* _WHAT THE EXERCISE ASKS_: Look for the line containing "The new asset" and the line containing "Calentamiento de la" in the entries below. Copy those two and all lines between them exactly, leaving out pictures.

* _ENTRIES SHOWN_:
"""

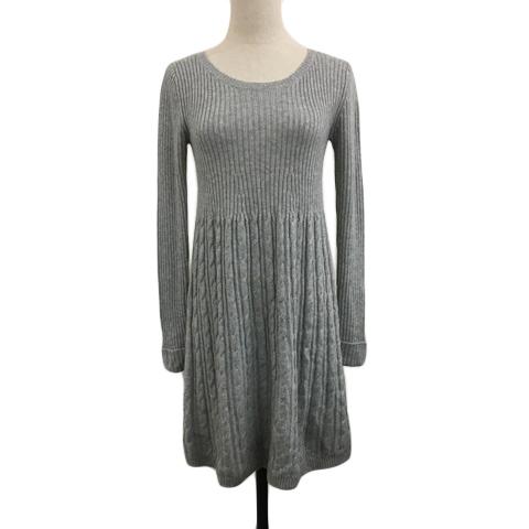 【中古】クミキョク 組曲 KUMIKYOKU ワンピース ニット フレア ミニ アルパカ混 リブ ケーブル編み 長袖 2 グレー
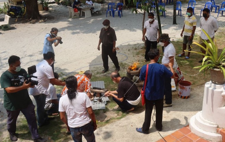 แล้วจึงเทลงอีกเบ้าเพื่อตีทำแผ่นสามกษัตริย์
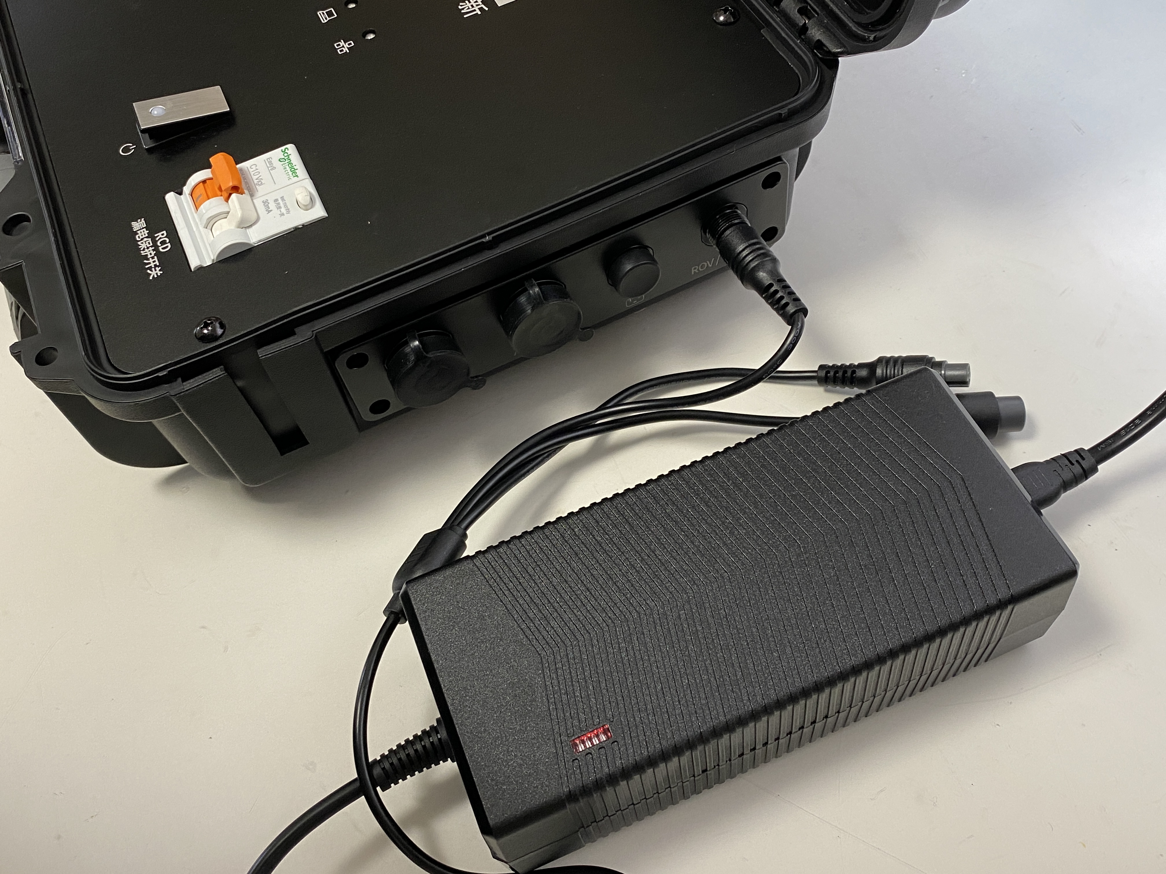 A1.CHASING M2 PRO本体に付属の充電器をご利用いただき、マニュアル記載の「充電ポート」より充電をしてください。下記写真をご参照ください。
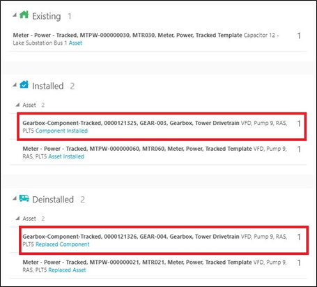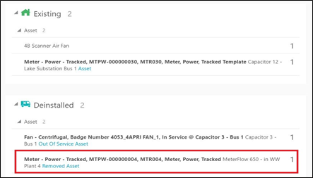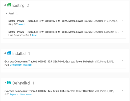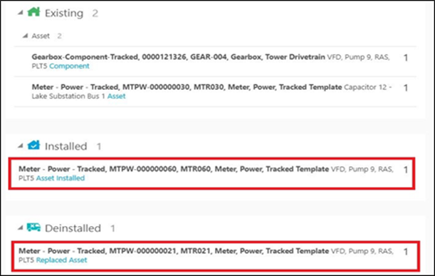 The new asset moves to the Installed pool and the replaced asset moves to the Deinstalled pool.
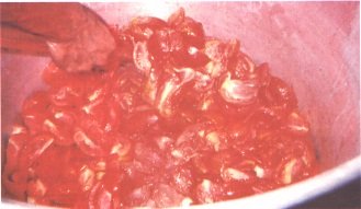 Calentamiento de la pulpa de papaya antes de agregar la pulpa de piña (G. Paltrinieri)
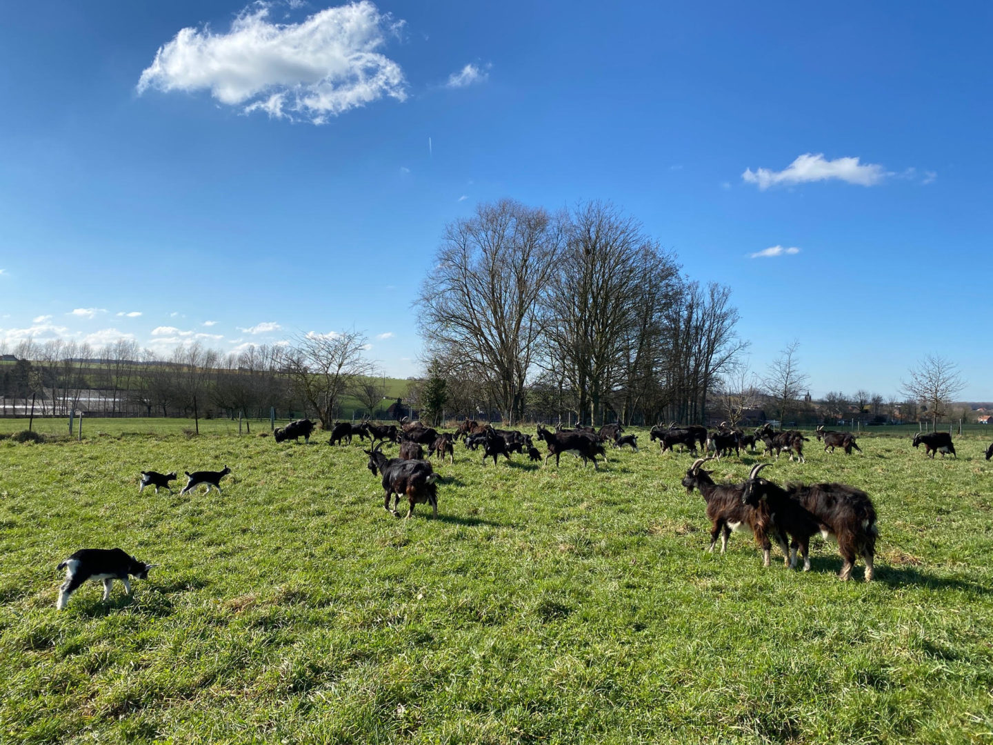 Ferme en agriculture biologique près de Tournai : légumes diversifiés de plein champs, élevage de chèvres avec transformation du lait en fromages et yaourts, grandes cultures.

"""
"""

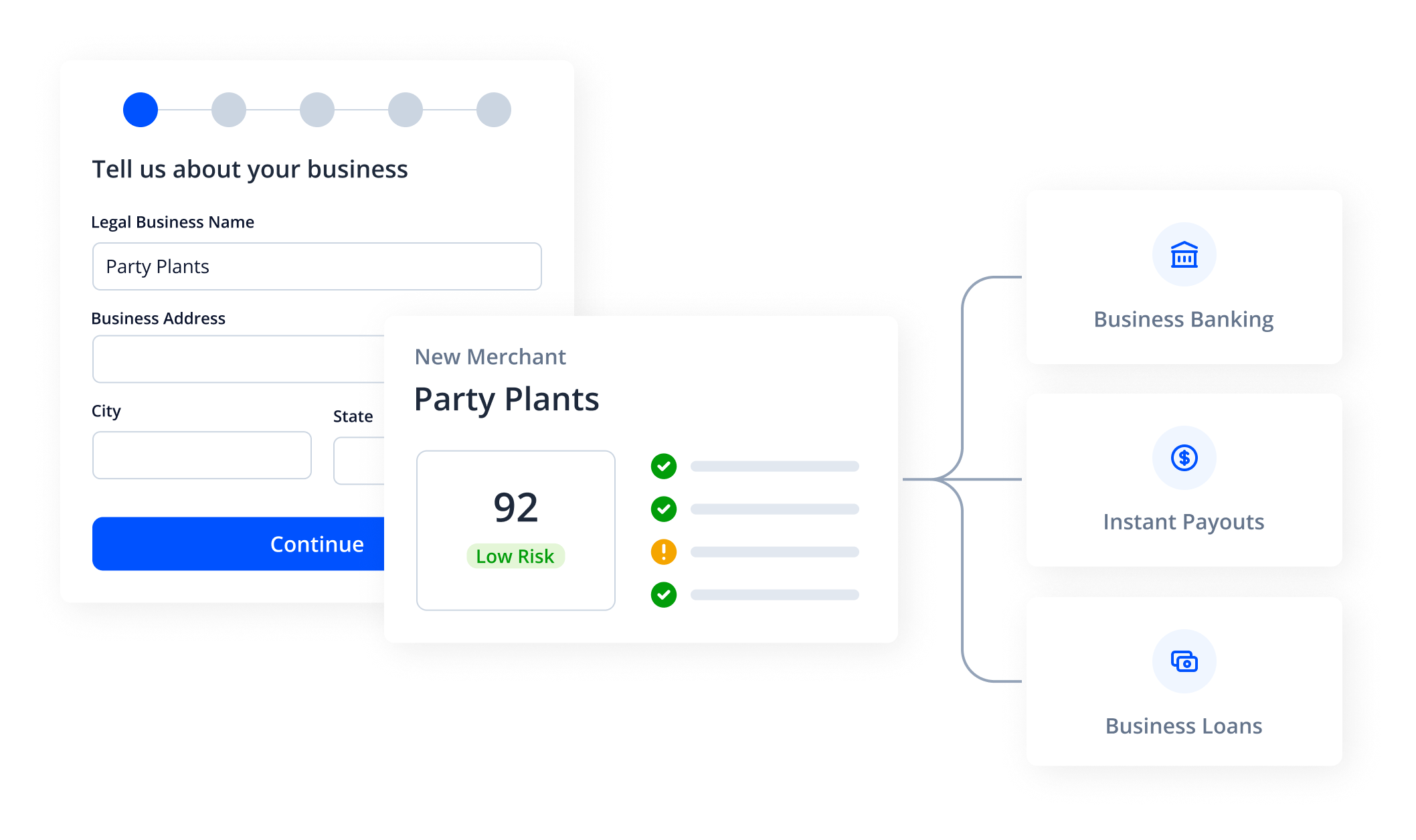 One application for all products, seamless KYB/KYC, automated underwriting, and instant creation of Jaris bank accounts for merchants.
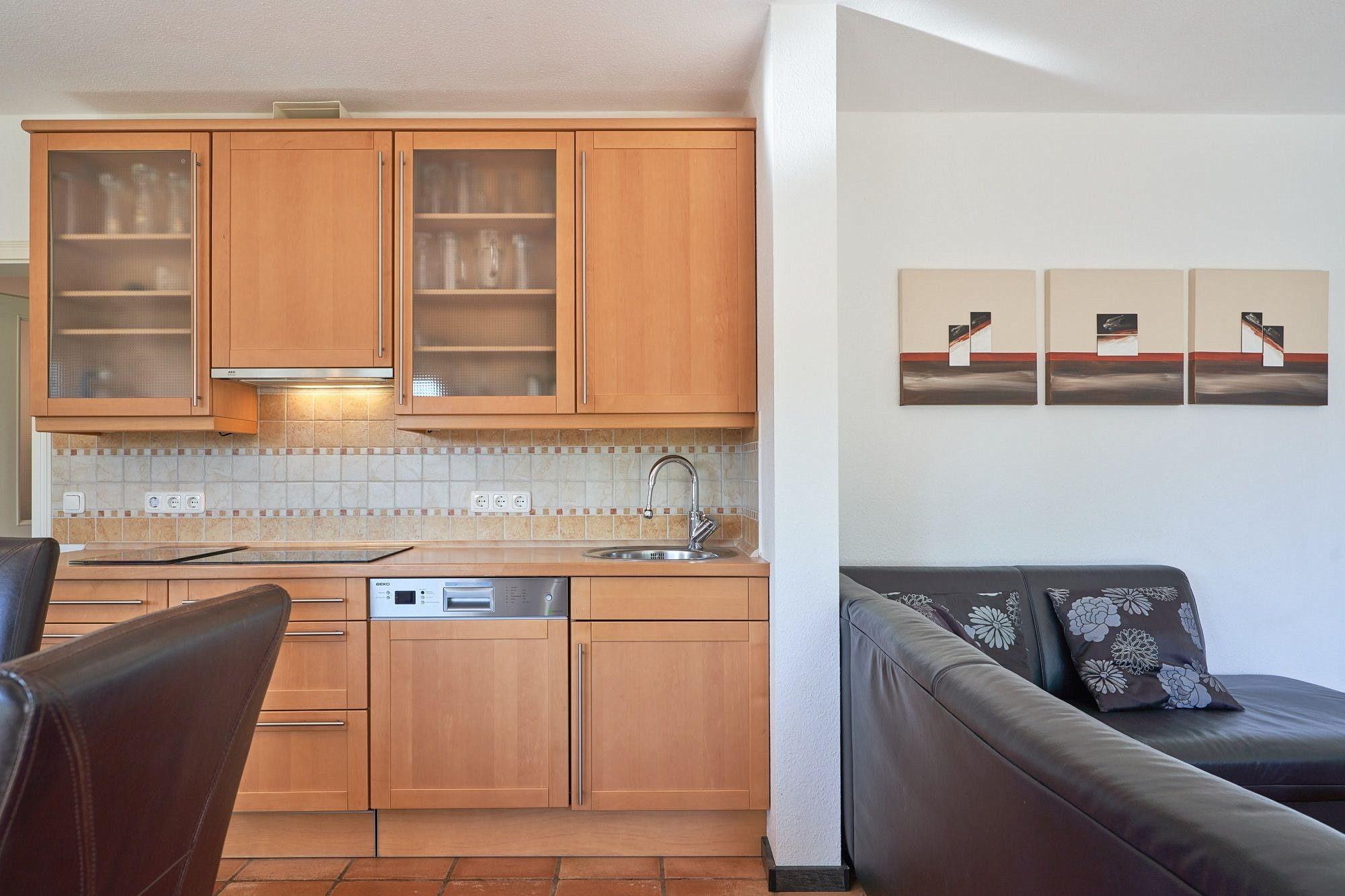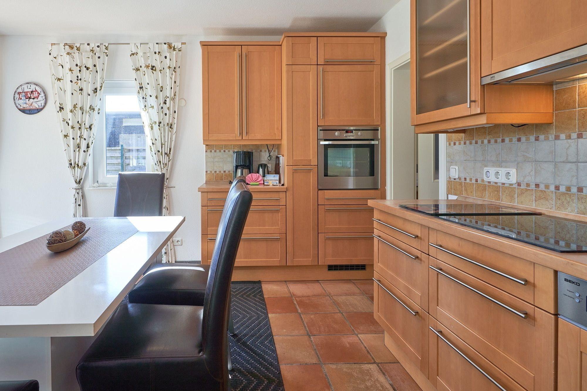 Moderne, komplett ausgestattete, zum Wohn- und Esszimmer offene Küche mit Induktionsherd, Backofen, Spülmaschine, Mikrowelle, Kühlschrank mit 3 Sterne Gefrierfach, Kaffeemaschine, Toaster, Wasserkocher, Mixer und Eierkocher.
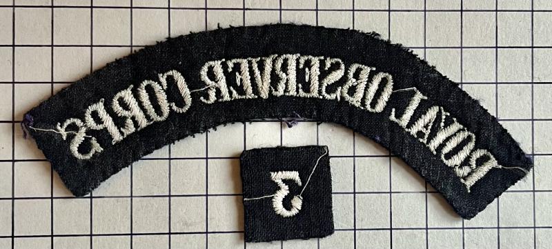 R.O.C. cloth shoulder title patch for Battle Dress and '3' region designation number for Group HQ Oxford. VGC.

"""
"""

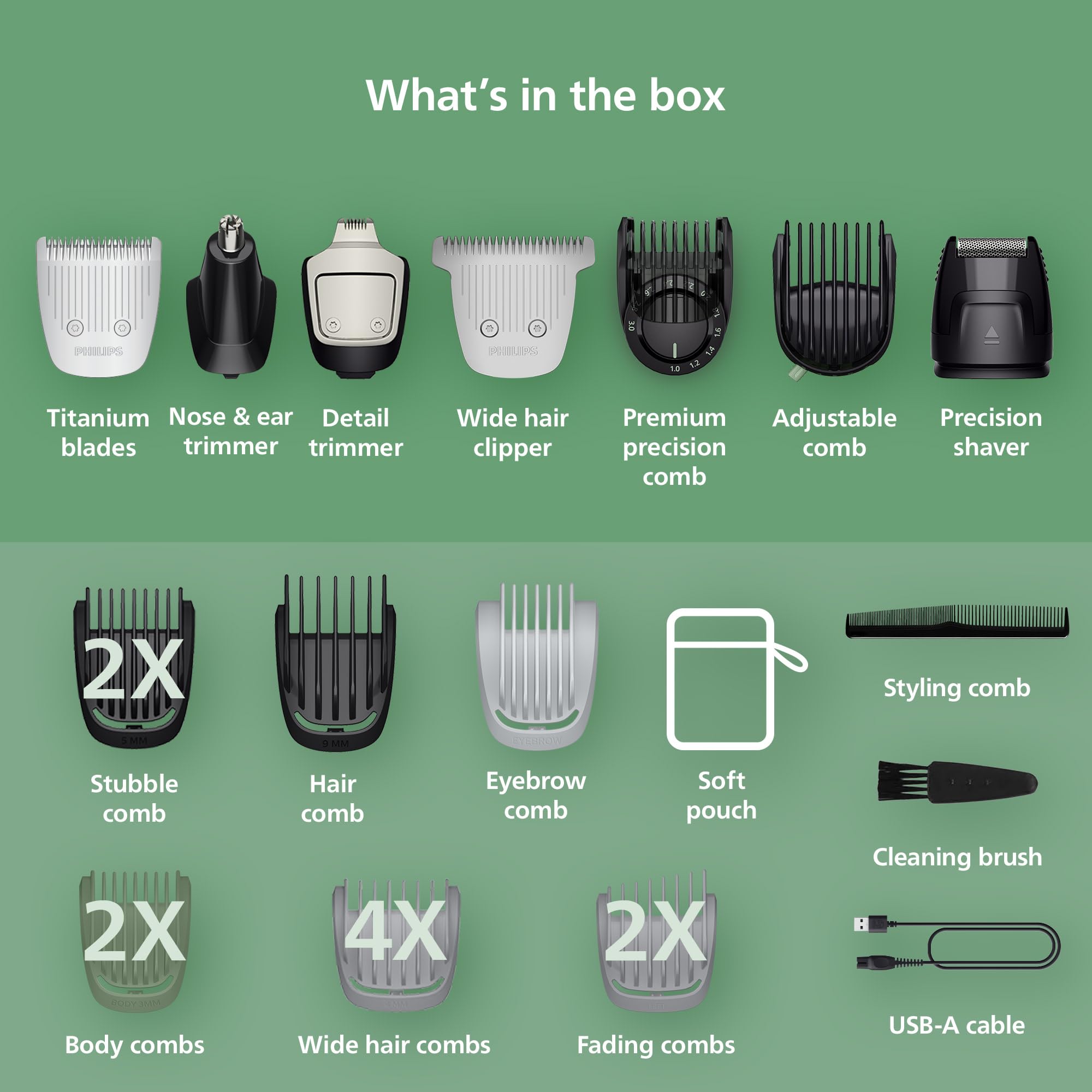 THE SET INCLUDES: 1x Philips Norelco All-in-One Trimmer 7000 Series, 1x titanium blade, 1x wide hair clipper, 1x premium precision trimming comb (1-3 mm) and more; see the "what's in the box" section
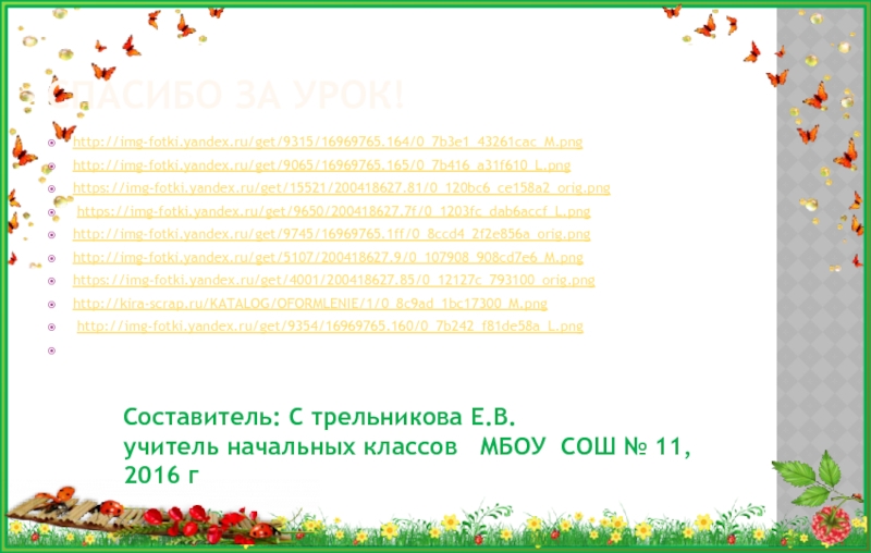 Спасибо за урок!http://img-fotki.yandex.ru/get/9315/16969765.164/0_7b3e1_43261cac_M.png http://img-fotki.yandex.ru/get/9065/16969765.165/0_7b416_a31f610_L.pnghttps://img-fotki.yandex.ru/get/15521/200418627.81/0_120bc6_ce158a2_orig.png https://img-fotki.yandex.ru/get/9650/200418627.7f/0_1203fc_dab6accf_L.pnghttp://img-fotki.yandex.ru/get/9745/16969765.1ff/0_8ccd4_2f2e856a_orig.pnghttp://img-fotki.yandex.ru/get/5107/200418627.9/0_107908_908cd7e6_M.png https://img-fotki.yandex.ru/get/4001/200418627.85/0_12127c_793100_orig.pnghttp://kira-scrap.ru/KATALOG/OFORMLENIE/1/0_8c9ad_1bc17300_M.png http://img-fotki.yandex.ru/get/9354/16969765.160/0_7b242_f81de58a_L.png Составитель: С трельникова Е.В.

"""

* _PROBLEM SOLUTION_:
 The new asset moves to the Installed pool and the replaced asset moves to the Deinstalled pool.
 Calentamiento de la pulpa de papaya antes de agregar la pulpa de piña (G. Paltrinieri)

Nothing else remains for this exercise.